Lets denote

the 10 novels be the elements of the set X = {x1, x2, x3, x4, x5, x6, x7, x8, x9, x10}

the 12 nonfiction be the elements of the set Y = {y1, y2, y3, y4, y5, y6, y7, y8, y9, y10, y11, y12}

the 4 plays be the elements of the set Z = {z1, z2, z3, z4}

The English teacher needs to pick 11 books: 4 novels, 4 nonfiction and 3 plays.

Lets assume that the order of the books is not important that means that we deal with combinations.

A combination is a way of selecting several things out of a larger group, where order does not matter.

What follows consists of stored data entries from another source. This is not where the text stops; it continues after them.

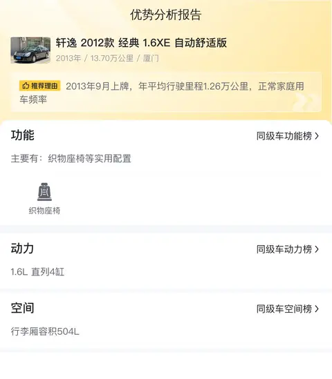 具体版本为——轩逸2012款经典1.6XE自动舒适版,定位是紧凑型车,车身颜色为黑色,上牌地为厦门,上牌日期2013年9月,表显里程13.70万公里,新车指导价10.98万,二手车报价1.98万,过户次数1次。
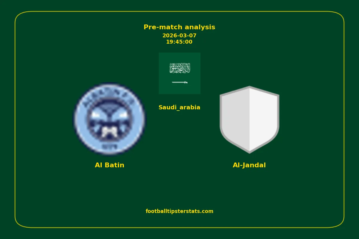 Analyzing the recent performance of Al Batin and Al-Jandal in Saudi_arabia, we can derive insights that may inform future match predictions. By examining their individual game histories, head-to-head encounters, and overall trends, we can identify patterns that highlight strengths and weaknesses for both teams. This comprehensive review aims to provide a clearer understanding of their competitive dynamics and potential outcomes in upcoming fixtures.This pre-match analysis covers the upcoming fixture between Al Batin and Al-Jandal. Below you’ll find a detailed breakdown of both teams’ recent form, goal statistics, and head-to-head performance. These insights provide a clear picture of current momentum and can be valuable for match forecasting, tactical evaluation, or betting analysis. Please note that these suggestions are based on historical data and trends. While they provide valuable insights, actual match outcomes can be influenced by various unpredictable factors. Always consider multiple aspects before making any decisions based on these analyses.
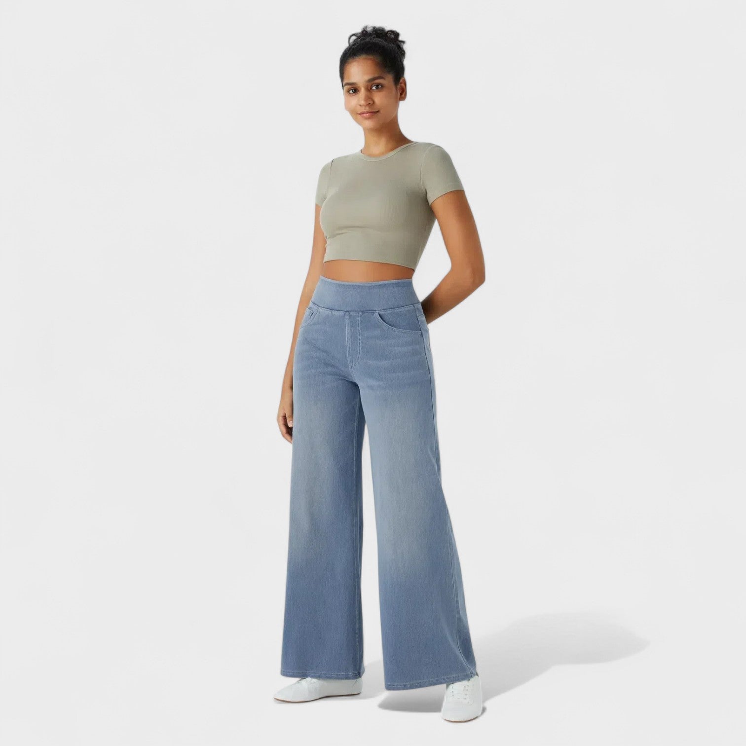 Otkrijte savršenu ravnotežu između udobnosti i elegancije s hlačama od traperica Clara. Njihov dizajn širokih nogavica izdužuje siluetu bez žrtvovanja udobnosti, idealno za aktivne žene koje žele izgledati dobro svaki dan.
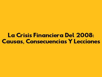 La Crisis Financiera Del 2008: Causas, Consecuencias Y Lecciones
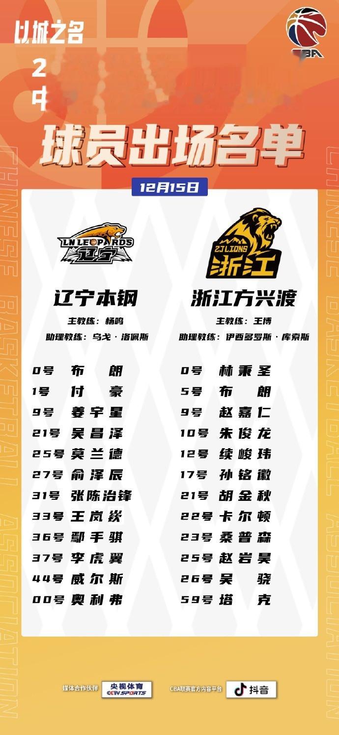 两队本场比赛的大名单已经出炉,辽宁男篮为:布朗、付豪、姜宇星、吴昌泽、莫兰德、余泽辰、张陈治锋、王岚嵚、鄢手骐、李虎翼、威尔斯、奥利弗。

The number of k-combinations from a given set S of n elements is often denoted by C(n, k) so in our case by using the formula for combinations without repetitions C(n,k) = n! / (k!*(n - k!) we have

- the number of combinations of 4 objects from the elements of the set X of 10 elements

C(4,10) = 10! / (4! * (10 - 4)!) = 10! / (4! 6!) = 7*8*9*10/ 2*3*4 = 210

- the number of combinations of 4 objects from the elements of the set Y of 12 elements

C(4,12) = 12! / (4! * (12 - 4)!) = 12! / (4! 8!) = 9*10*11*12 / 2*3*4 = 494

- the number of combinations of 3 objects from the elements of the set Z of 9 elements

C(3,9) = 9! / (3! * (9 - 3)!) = 10! / (3! 6!) = 7*8*9*10/ 2*3 = 840

The number we are looking for is the product

C(4,10) * C(4,12) * C(3,9) = 210 * 494 * 840 = 87,141,600

The English teacher can put the books in 87,141,600 different ways.